Muhammadiyah: Presiden Perlu Melakukan 'Reshuffle' Kabinet
- M Nadlir
VIVA.co.id - Sepanjang 2015, Indonesia dinilai berada dalam suasana dan kondisi yang stabil. Meski demikian, sejumlah hal masih menjadi catatan untuk tahun 2016.
Ketua Umum Pimpinan Pusat Muhammadiyah, Haedar Nashir mengatakan, Indonesia perlu tetap menjaga pertumbuhan ekonomi yang cukup tinggi meski lebih rendah dari yang ditargetkan oleh pemerintah.
Menurut dia, pemerintah perlu bekerja keras untuk mengatasi masalah kemiskinan, pengangguran dan kesenjangan sosial yang masih tinggi. Hal itu dilakukan agar pemerataan kemakmuran dan keadilan sosial bisa terwujud.
"Kesenjangan kesejahteraan terjadi antardaerah, Jawa dengan luar Jawa, dan antarkelompok. Jika tidak segera ditangani dengan seksama, ketimpangan kesejahteraan sosial ekonomi dapat menyulut kecemburuan, konflik sosial dan rasial," ujarnya di kantor PP Muhammadiyah, Jalan Menteng Raya 62, Jakarta Pusat, Rabu 30 Desember 2015.

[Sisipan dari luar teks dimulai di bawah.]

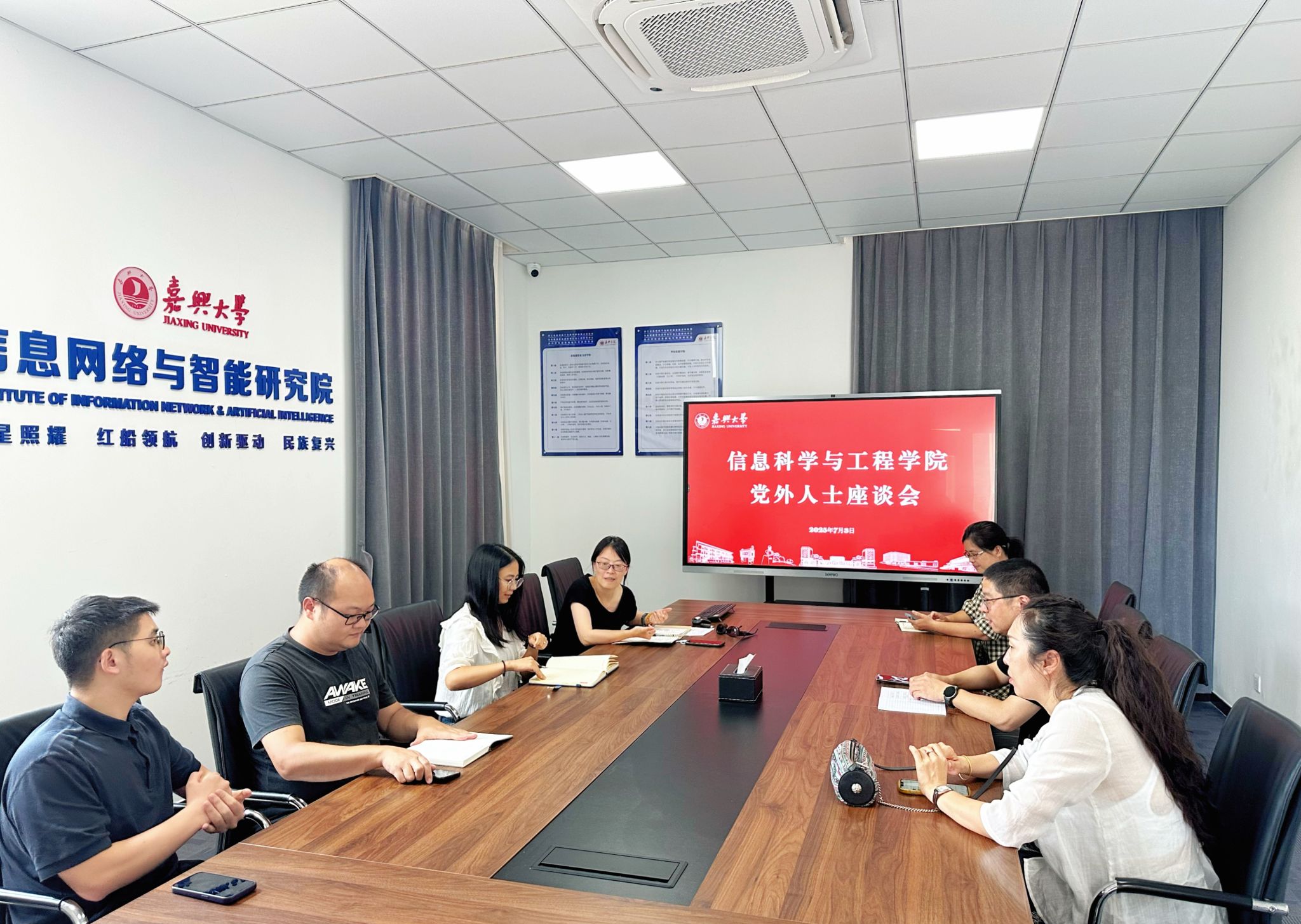 朱奕远书记首先通报了学院党总支近期重点工作进展以及半年以来学院重点工作推进情况。她指出,学院党总支以中央八项规定精神学习教育为抓手,全面推进从严治党,不断加强作风建设、组织建设和党风廉政建设,以高质量党建引领学院高质量发展。她强调当前学院正处于人才引育和科研创新双提升的关键期,发展机遇与挑战并存,希望党外教师充分发挥优势,为学院发展建言献策。

Catatan kritis lainnya terkait kegaduhan politik antarelit politik yang kontra produktif dan melanggar kepatutan. Muhammadiyah mendorong pentingnya penguatan sistem presidensial. Presiden sebagai kepala negara dan pemerintahan harus lebih berperan optimal dalam menjalankan pemerintahan secara lebih efektif dan efisien.Â
"Presiden perlu melakukan reshuffle kabinet, memilih menteri yang profesional dan berintegritas tinggi," ujarnya menambahkan.

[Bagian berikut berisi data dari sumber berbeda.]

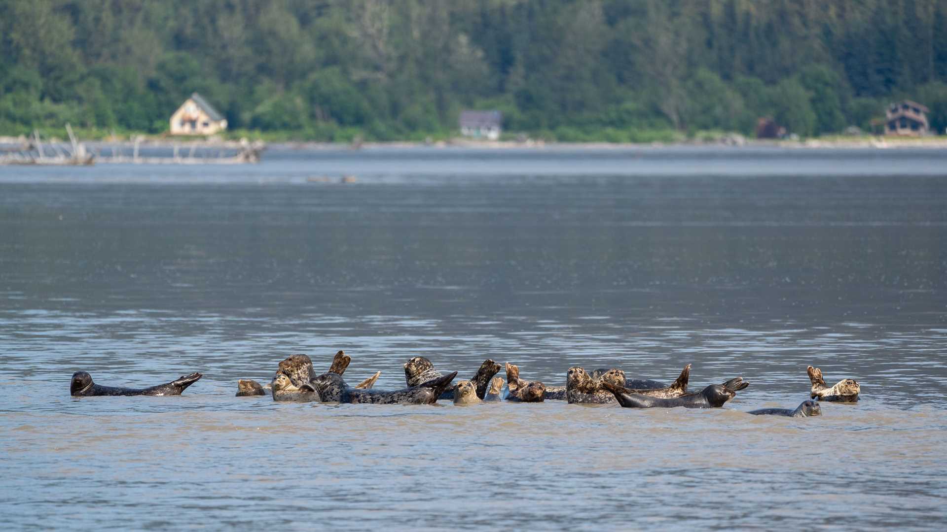 Today we woke up to a gorgeous day aboard National Geographic Sea Lion while sailing to the town of Wrangell. As we docked, we could see this cute town set in the trees with a beautiful blue sky above it. After breakfast, we set out for the dock and were whisked away on jetboats. These metal-hulled crafts have jet engines capable of sailing in just a foot of water. Even though it was low tide, we easily sailed away from Wrangell and up the Stikine River. We stopped at a couple of places, including stops to see 30-40 harbor seals hauled out on a sandbar and a small forest cabin tucked back in the woods. The breathtaking sights were seen from each window because this area is almost indescribable. Upon reaching the base of Castle Mountain, we observed the glacially carved fjords on either side. In front, a vast sea of icebergs was grounded by low tide, making it safe to approach them. This is the closest you can get to icebergs, as there is no chance of them flipping or moving as our jet boats carved through the waters. After about 30 mins of photography and awestruck excitement, we raced back down the river and towards National Geographic Sea Lion.

Tak hanya itu, capaian dalam bidang hukum juga sangat rendah. Supremasi hukum masih jauh dari harapan. Indonesia masih dikuasai para mafia hukum dan peradilan. Praktik jual beli peraturan di lembaga legislatif dan keputusan di pengadilan masih tinggi. Karenanya, pemerintah perlu lebih serius membenahi institusi kehakiman dan membangun pemerintahan yang bersih dan berwibawa.
"Cita-cita Indonesia yang bersih dari korupsi masih jauh. AIih-alih jihad memberantas korupsi, yang terjadi justru kemunduran usaha memberantas korupsi dalam bentuk pelemahan Komisi Pemberantasan Korupsi (KPK) baik secara kelembagaan maupun personel," katanya.

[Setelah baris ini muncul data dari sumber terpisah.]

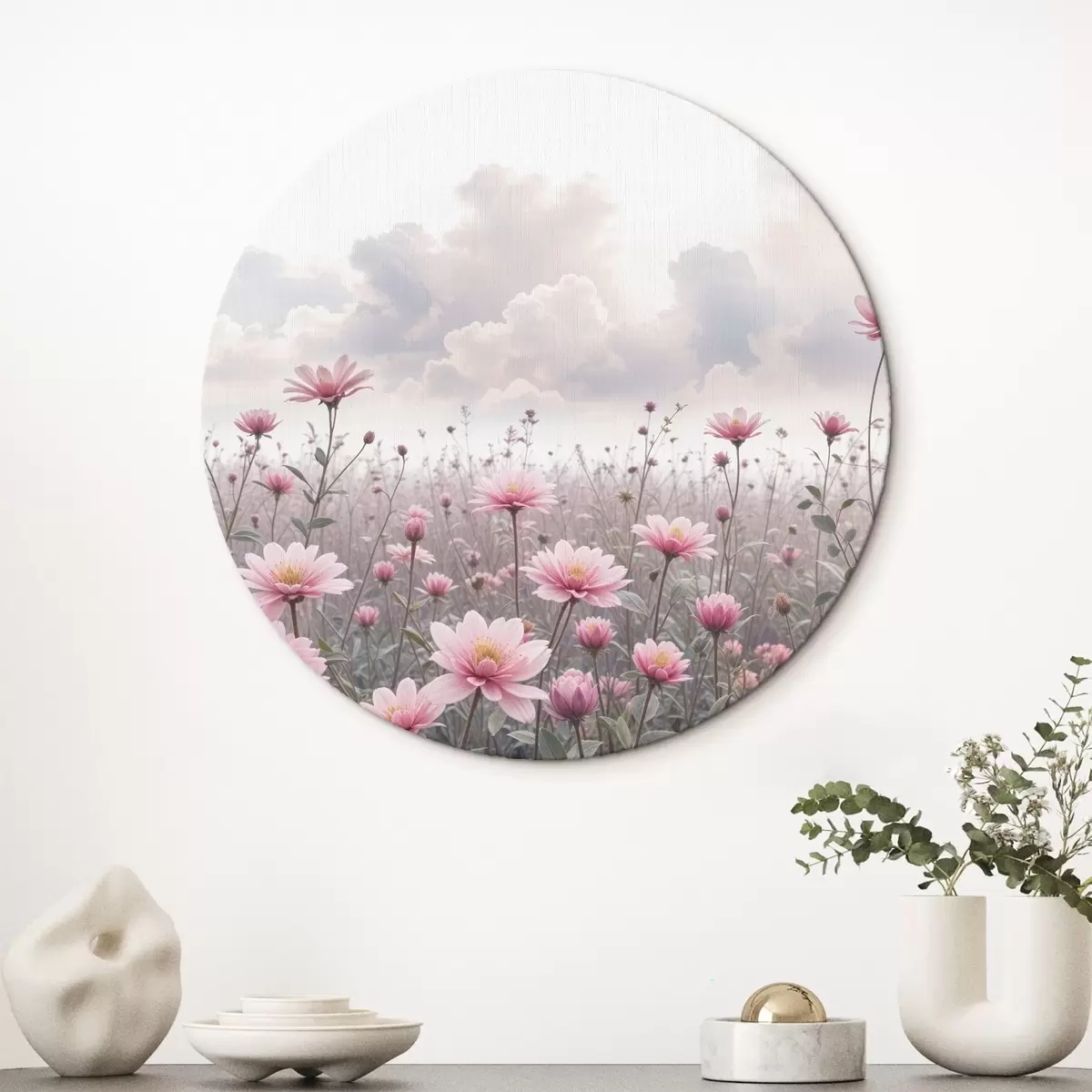Runde Wandbilder Ein Feld mit rosa Gänseblümchen vor einem bewölkten Himmel Nr r41102

Haedar menambahkan, suasana kehidupan keagamaan tahun 2015 juga dinilai cukup kondusif, meski sempat terjadi kasus Tolikara dan Aceh Singkil. Namun, ke depan pemerintah harus tetap waspada untuk mengantisipasi potensi terjadinya ketegangan dan konfik antarumat beragama yang masih tinggi.Â
Pemerintah perlu memperkuat bangunan kerukunan umat beragama secara lebih kokoh, bukan dengan memperbanyak undang-undang dan peraturan tetapi dengan melaksanakan perundang-undangan yang ada secara konsisten, adil dan imparsial. Dialog antarumat beragama serta melindungi kelompok minoritas, wajib dilakukan pemerintah.
"Pertentangan Sunni-Syiah merupakan bukti bahwa toleransi yang sejati belum menjadi bagian kehidupan keagamaan di tubuh bangsa ini. Ancaman terorisme bernuansa agama, perkembangan politik global, khususnya di Timur Tengah juga harus dicermati."